Thanks, Hal.  I'll have a look at CGP to see how this might be done.  It's
a little more complicated than just pulling the GEP apart, there needs to
be a loop-invariant-aware reassociation to undo the damage done by the
initial merge.

Mark

>
>  -Hal
>
> ----- Original Message -----
> > From: "Mark Heffernan" <meheff at google.com>
> > To: "Francois Pichet" <pichet2000 at gmail.com>
> > Cc: "Hal Finkel" <hfinkel at anl.gov>, "LLVM Developers Mailing List" <
> llvmdev at cs.uiuc.edu>
> > Sent: Thursday, March 12, 2015 4:19:56 PM
> > Subject: Re: [LLVMdev] Question about shouldMergeGEPs in
> InstructionCombining
> >
> >
> >
> >
> > On Thu, Mar 12, 2015 at 2:03 PM, Francois Pichet <
> > pichet2000 at gmail.com > wrote:
> >
> >
> >
> >
> > I think it would make sense for (1) and (2). I am not sure if (3) is
> > feasible in instcombine . (I am not too familiar with LoopInfo)
> >
> >
> > LoopInfo should be available for at least one of the instcombine
> > invocations. In the -O2 pipeline it looks like instcombine is called
> > 7 times and it should have loopinfo for the third invocation (called
> > immediate after some loop passes). Here's output from
> > --debug-pass=Structure:
> >
> >
> >
> > Pass Arguments: -tti -no- aa -tbaa -scoped-noalias
> > -assumption-cache-tracker -targetlibinfo -basicaa -verify
> > -simplifycfg -domtree -sroa -early-cse -lower-expect
> > Target Transform Information
> > No Alias Analysis (always returns 'may' alias)
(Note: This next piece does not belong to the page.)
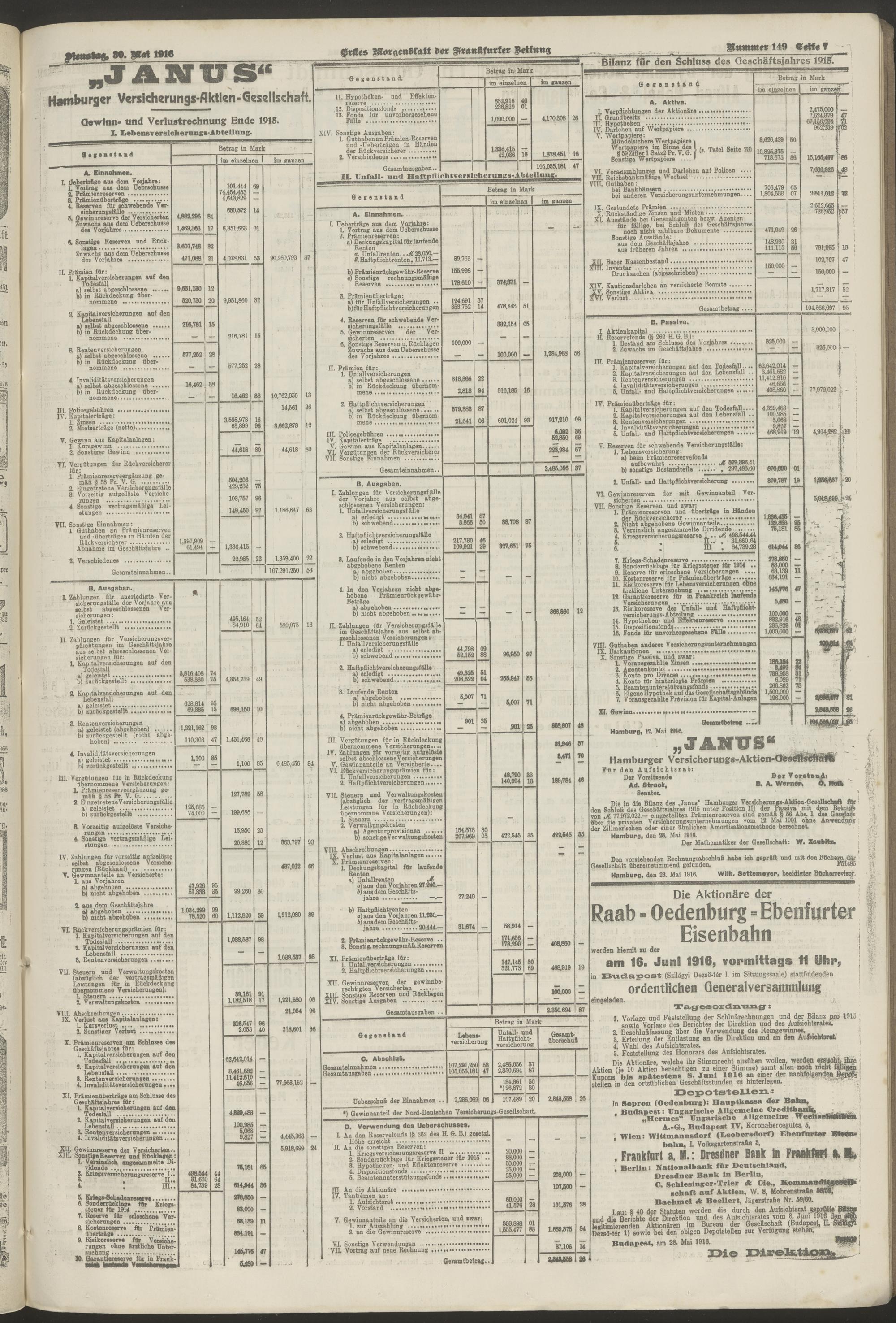 30.05.1916 = Nr. 149. Erstes Morgenblatt
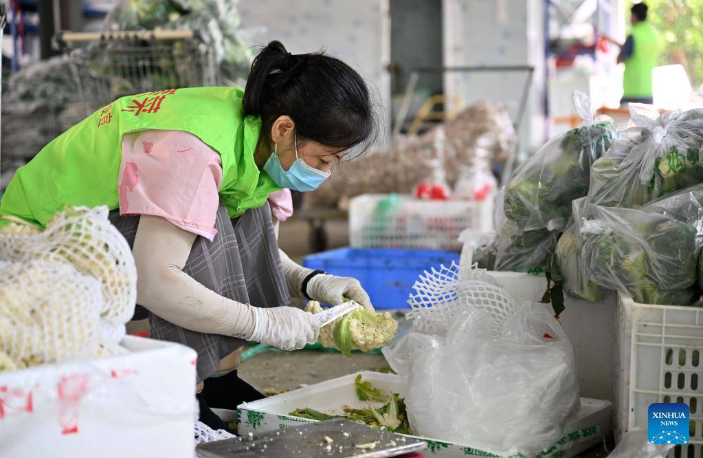 A staff member processes vegetables at a dispatch site of an on-line shopping service in Sanya, south China's Hainan Province, Aug. 13, 2022. The local government is exerting all efforts to ensure daily life supplies for local residents and stranded tourists in an effort to fight against the new resurgence of COVID-19 in the city. (Xinhua/Guo Cheng)

> > Type-Based Alias Analysis
> > Scoped NoAlias Alias Analysis
> > Assumption Cache Tracker
> > Target Library Information
> > Basic Alias Analysis (stateless AA impl)
> > FunctionPass Manager
> > Module Verifier
> > Simplify the CFG
> > Dominator Tree Construction
> > SROA
> > Early CSE
> > Lower 'expect' Intrinsics
> > Pass Arguments: -targetlibinfo -tti -no-aa -tbaa -scoped-noalias
> > -assumption-cache-tracker -basicaa -verify-di -ipsccp -globalopt
> > -deadargelim -domtree -instcombine -simplifycfg -basiccg -prune-eh
> > -inline-cost -i
> > nline -functionattrs -sroa -domtree -early-cse -lazy-value-info
> > -jump-threadi ng -correlated-propagation -simplifycfg -domtree
> > -instcombine -tailcallelim -simplifycfg -reassociate -domtree -loops
> > -loop-simplify -lc
> > ssa -loop-rotate -licm -loop-unswitch -instcombine -scalar-evolution
> > -loop-simplify -lcssa -indvars -loop-idiom -loop-deletion
> > -loop-unroll -memdep -mldst-motion -domtree -memdep -gvn -memdep
> > -memcpyopt -sccp -dom
> > tree -bdce -instcombine -lazy-value-info -jump-threading
> > -correlated-propagation -domtree -memdep -dse -loops -loop-simplify
> > -lcssa -licm -adce -simplifycfg -domtree -instcombine -barrier
> > -domtree -loops -loop-sim
> > plify -lcssa -loop-rotate -branch-prob -block-freq -scalar-evolution
> > -loop-accesses -loop-vectorize -instcombine -scalar-evolution
> > -slp-vectorizer -simplifycfg -domtree -instcombine -loops
> > -loop-simplify -lcssa -s
> > calar-evolution -loop-unroll -alignment-from-assumptions
> > -strip-dead-prototypes -globaldce -constmerge -verify -verify-di
> > Target Library Information
> > Tar get Transform Information
> > No Alias Analysis (always returns 'may' alias)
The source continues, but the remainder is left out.